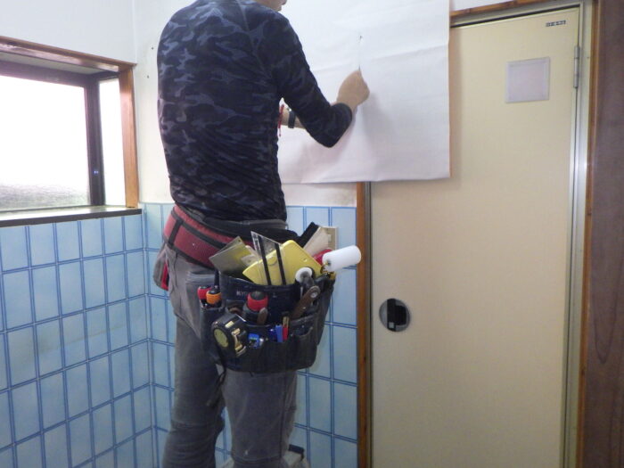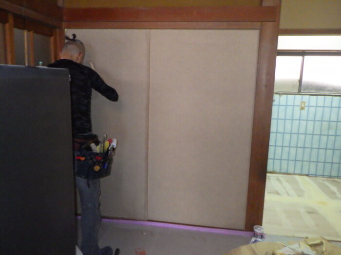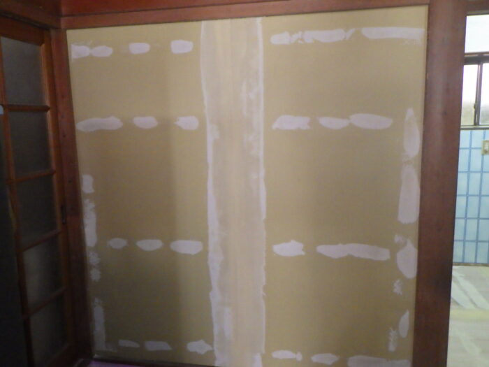 ≪パテ下地調整≫下地処理というのは壁紙を張る時に一番重要な作業になり、大切な工程で丁寧に仕上げなければ、仕上がりが悪くなります。 石膏ボードの継ぎ目があるのが手で触っても分からない位のレベルにします。
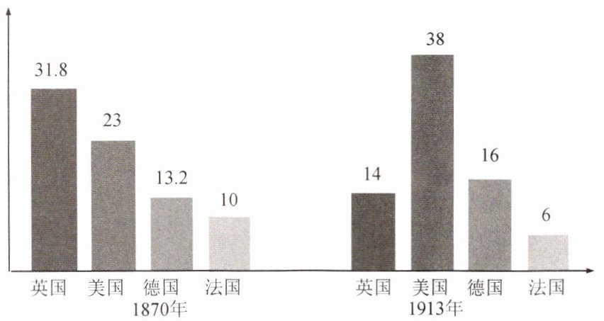 美国、德国的占比上升,英国、法国的占比呈下降趋势。美国、德国在第二次工业革命中走在世界前列;美国内战北方胜利,扫清了资本主义发展的障碍;英法依赖于广大的殖民地,技术和设备更新缓慢。
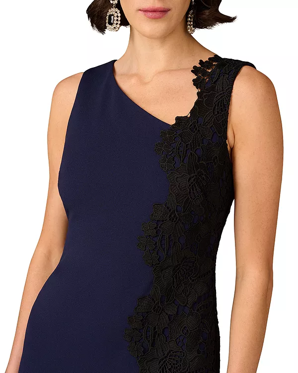 Платье-Миди из крепа с асимметричным вырезом Aidan Mattox, синий 25 854₽
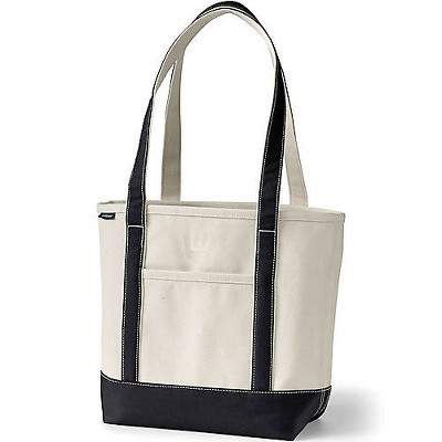 Lands' End Open Top Long Handle Canvas Tote Bag
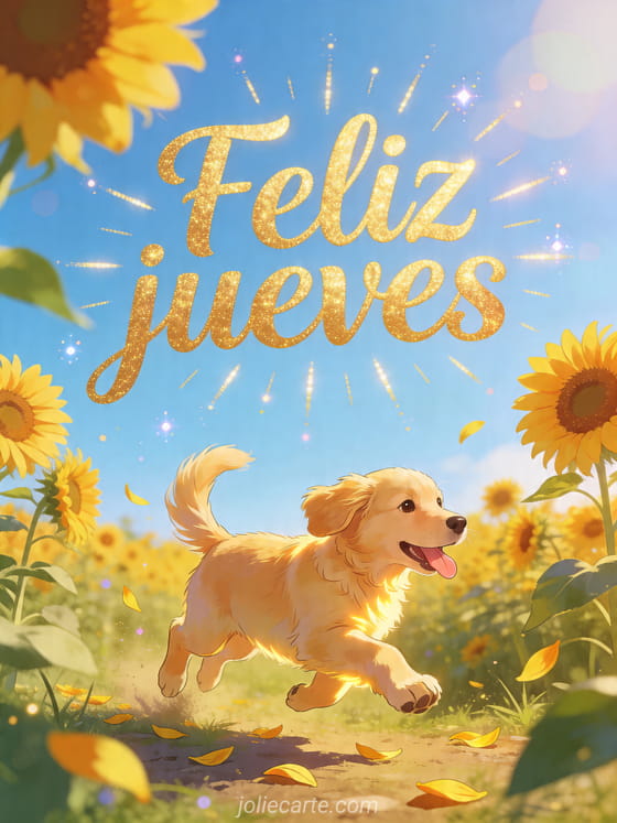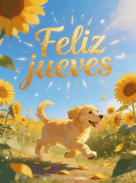 Llena el día de alegría con esta tarjeta de jueves que muestra a un cachorro golden retriever corriendo entre girasoles bajo un cielo azul de verano. También pueden descubrir linda noche de jueves, feliz jueves imagen gratis o gif feliz jueves humor.

▬▬▬▬▬▬

REQUIRED ACTION:
Find the line with "Lands' End Open" in the listing and extract it and all lines after it through the end, exactly, without the pictures.

YOUR SOLUTION:
 Lands' End Open Top Long Handle Canvas Tote Bag
 Llena el día de alegría con esta tarjeta de jueves que muestra a un cachorro golden retriever corriendo entre girasoles bajo un cielo azul de verano. También pueden descubrir linda noche de jueves, feliz jueves imagen gratis o gif feliz jueves humor.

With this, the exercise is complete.